Use additional cues to help bring your audiences along. Adding bolding, lists, numbering and other formatting can help bring breaks to your content and add more visual intrigue. For some easy ways to improve your writing, check out some quick tips.
Step 4. Editing
After writing your article, go through it and check the following to make sure you are showcasing your message in the best way possible. The editing process polishes all of the great content you have put together so that it is ready for publishing to your channel of choice.
Grammatical errors are a quick way to lose your audience. By showing you don't know the difference between you and you're, or not double checking to make sure both are used correctly, you are demonstrating carelessness to your audience. Autocorrect is a way of life, there should be no issues with running it through spell check after writing.
Another way to catch small errors that spell check may miss, like it's vs. its, have someone proofread it or re-read it over again.
Sentences should be clear. Ambiguity in writing can dilute your message and make it harder for readers to understand what you are saying.
A couple ways to help clear up your writing:
Edit your finalized article and remove adverbs. Adverbs, words ending in "–ly", do not add to your clarity and can be removed without impacting the overall meaning of the article. By removing these excess words, you add to the readability of your message.
Remove puffery if possible. Some puffery can help highlight enthusiasm for a product. However, unsubstantiated puffery can make your message less impactful. The substantiated statement adds credibility to the article’s claim and helps make your statement more specific.
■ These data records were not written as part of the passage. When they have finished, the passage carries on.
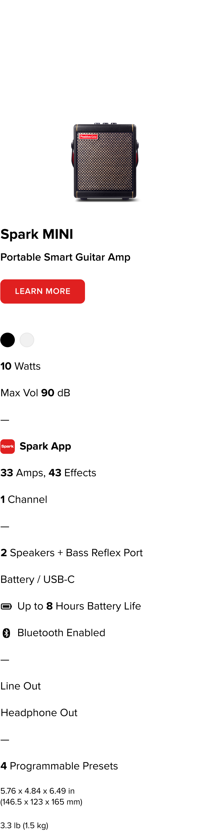 Spark MINI ist ein atemberaubendes, tragbares Kraftpaket, das innovatives, individuell anpassbares, intelligentes Gitarrenspiel für unterwegs ermöglicht. Mit mehrdimensionalem, hochwertigem Sound, einer Fülle von Verstärkern und Effekten, Smart Jam, Videoerstellung und Bluetooth®-Audiostreaming ist es das größte und kleinste Rig aller Zeiten.
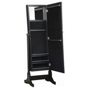 This brilliant multi-function jewelry Cheval mirror serves its purpose(s) in style. It's almost five feet tall, so it's got enough reflection to make sure you look great for stepping out. Open it up to three lower horizontal shelves and enough hooks and right holders for all your precious rings and necklaces. A built-in jewelry box that's four inches deep protects the rest of your precious accessories. Finished in majestic black, it also easily tilts for convenience that's also stylish. Key Features: • Contemporary style with continuous mirrored front against chic black frame • Features full length tilting mirror • Three lower horizontal shelves hold beauty essentials • Plenty of hooks and ring holders for an extensive jewelry collection • 4" deep jewelry box
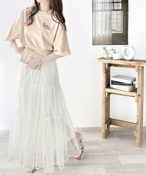 1枚ではもちろん、フリルビスチェやチュールアイテムなどの甘めアイテムと合わせれば
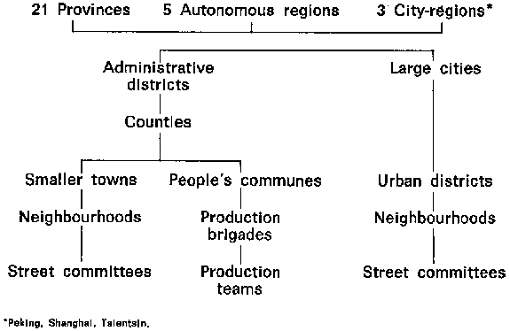 The provinces are divided into administrative districts and large cities. The administrative districts are divided into counties, which in turn comprise smaller towns and people's communes. Occasionally there is an intermediate level, the county being divided into districts, each of which groups a number of people's communes. Each people's commune consists of a number of production brigades, and each production brigade of a number of production teams - these last being the basic accounting unit in the people's communes. In the case of some of the larger communes, with many production brigades, these brigades may be grouped into management districts, which thus constitute an intermediate link in the system.
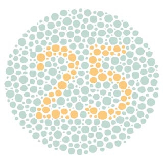 在产品中最需要获得色彩关心的用户,是色盲疾病患者。色盲并不是失明,而是色觉的缺陷,是在正常光线下对色彩的感知能力下降或者无法清晰分辨颜色,男性比女性更容易有色彩辨识下降的问题。通常的色盲表现为红/绿色无法分辨的色盲,即正常人红、绿、蓝三种感受器中的红色绿色感受器功能不健全。因此会混淆红色和绿色,所以在设计的过程中,尽量避免此类配色方式。如图2-2中的图案,常被用于色盲症的检测。
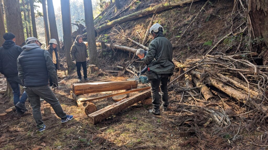 このイベントでは、里山の木を伐るところから始め、
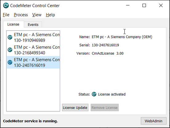 - If the (ETM pc - A Siemens Company (OEM) 130-2407616019) license is not present, do the following:
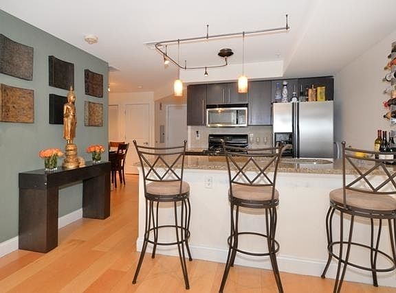 Beautiful 1 bedroom 1.5 baths is located in Guttenberg and features: Stainless steel appliances, granite counter tops, dishwasher, in unit washer/dryer and track lighting. Pets up to 30lbs. Parking included. Minutes from the liberty skyline. Perfect apartment for a commuter with a 25 minute bus ride into NYC port authority located in midtown and bus stop around the corner.
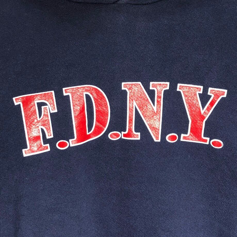 商品名:90's vintage 90年代 ヴィンテージ Lee リー F.D.N.Y ニューヨーク市消防局 パーカー フーディー プルオーバー 長袖 フロントプリント Mexico製 Mサイズ ネイビー
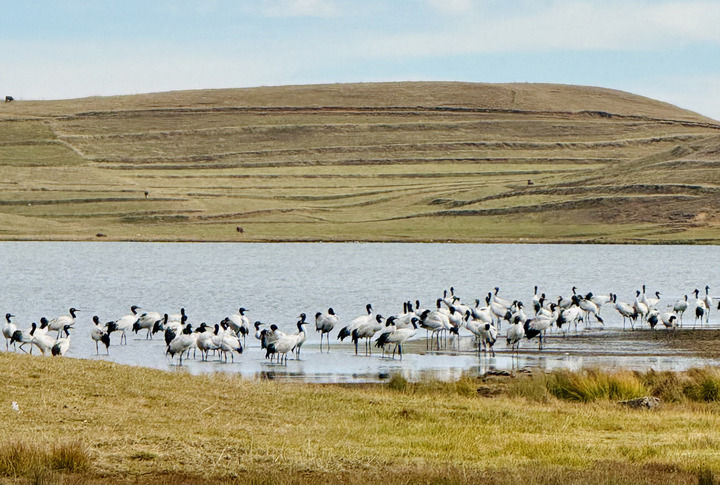 在云南昭通大山包黑颈鹤国家级自然保护区拍摄到的黑颈鹤(2023年11月2日摄)。新华社发(吴太平 摄)
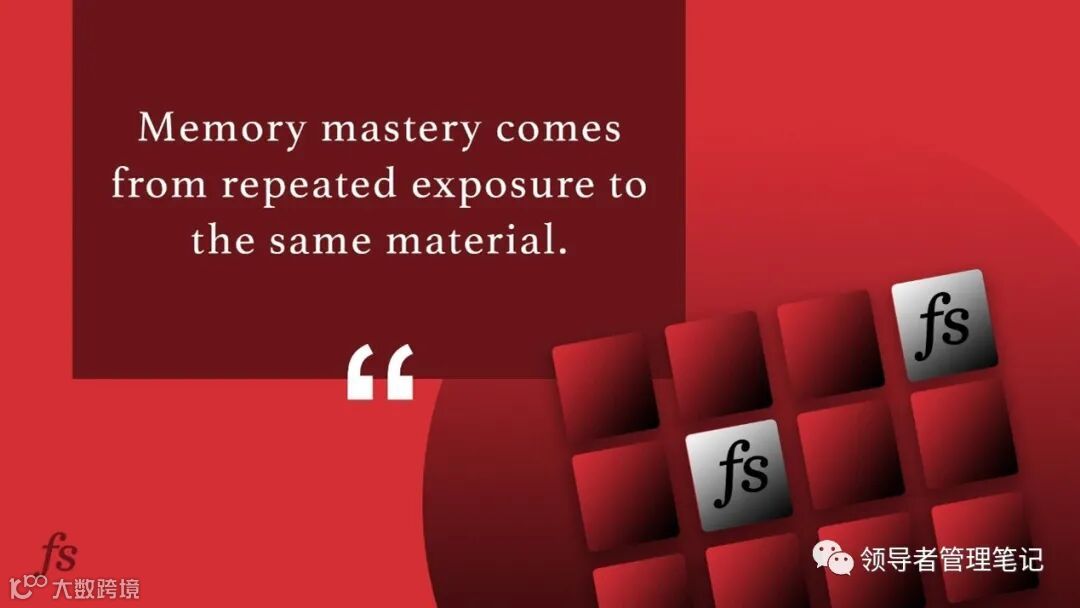 记忆力的掌握来自于对同一材料的反复接触。间隔效应指的是,如果我们分多次学习知识和概念,并且每次学习之间的间隔时间越来越长,那么记忆效率越高且记忆力越牢固。学习新信息最有效的方法就是间隔重复。它几乎适用于学习任何东西,而且相关研究已经提供了有力的证据,证明它对所有年龄段的人,甚至动物都有效。
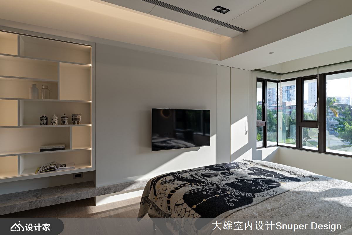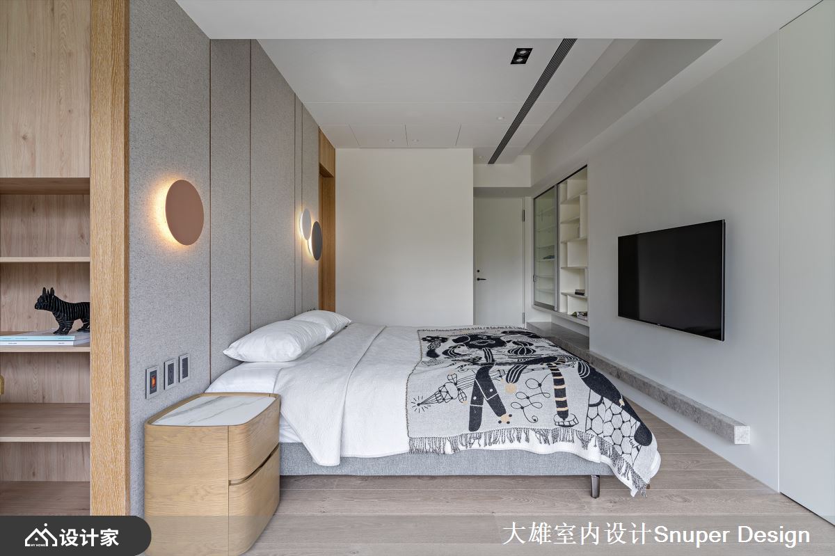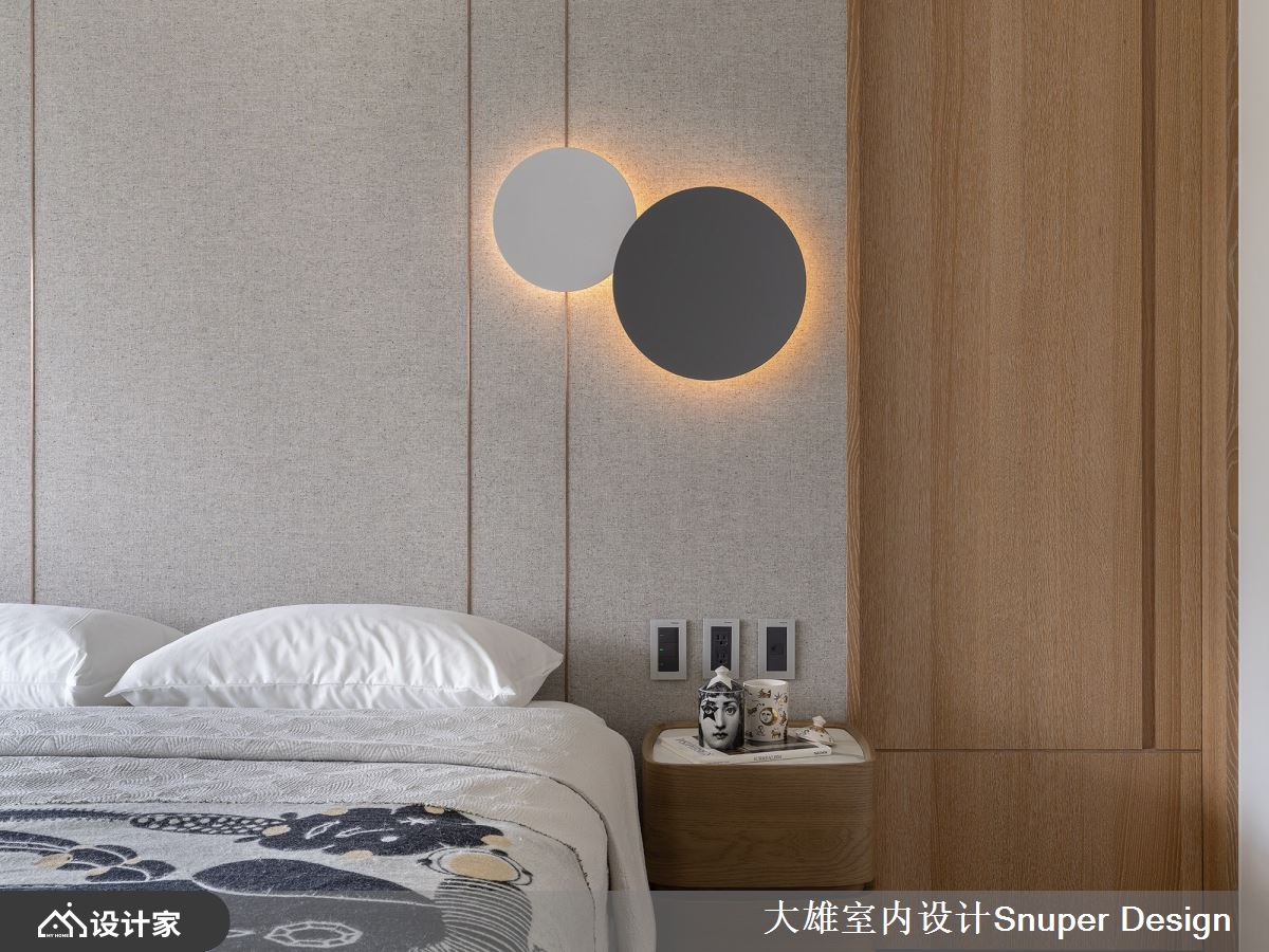 延伸公领域简约、高雅之气度,并透过窗景传递清新绿意。居室床头布织纹理细腻的交错着,搭佐来自西班牙的 VIBIA 壁灯,圆形造型勾勒出当代简约的美好意象,烘托雅致的人文气息;电视墙以大量留白,下方衔接细致的石材平台,对比的质地特性,赋予空间深刻的对话。
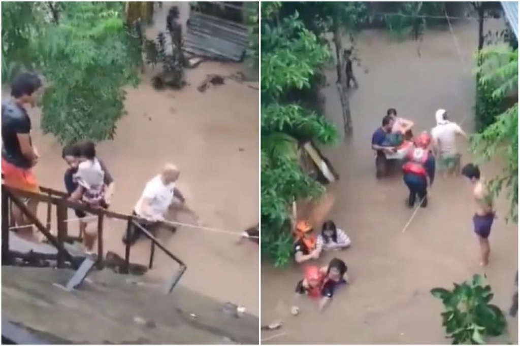 Na snimcima na društvenim mrežama može se videti kako spasioci pomažu stanovnicima da se izvuku iz vode čija dubina doseže do grudi, nakon dvodnevnih jakih padavina u centralnim i južnim Filipinima.

As you can see, the difference is huge between the two statements below.
Puffery statement: We make the best burgers in the US since 1949.
Substantiated statement: We have been rated #1 burger joint on Yelp since 2013.
Run your article through the Hemingway App. Anything you’ve missed that is a run-on, unclear or open to misinterpretation is highlighted for easy editing.
Notice any vague language after your read through? Take your vague statement and make it specific, or add an additional line to clarify a concept you are trying to get across.
Original: The best burgers start with the best ingredients.
Better: The best burgers start with the best ingredients, which is why we only use locally sourced products for all of our burgers.
Best: Our burgers start with only locally sourced products, guaranteeing freshness for our customers.
“Best” is vague and does not call attention to the benefit of your company being the “best.” Call attention the benefit because people respond more to benefits than features.
Call to action
Leaving out a call to action at the end of your article is a missed opportunity. Be clear about what you want your article to achieve and craft a matching call to action. If you want the reader to purchase a burger, complete your article with a promise. If you want them to subscribe to your blog, ask them to subscribe.
Choose your call to action with care, make it specific and make sure it makes customers and potential customers want to act.
By following this easy to follow process, you have now written your latest piece of amazing content. Before publishing, remember to add your visuals to increase the likelihood of sharing your content. Let your content dictate what type of visual to add, from infographic to example photos to demonstrate your point. Keep up the great work and keep delivering for your customers.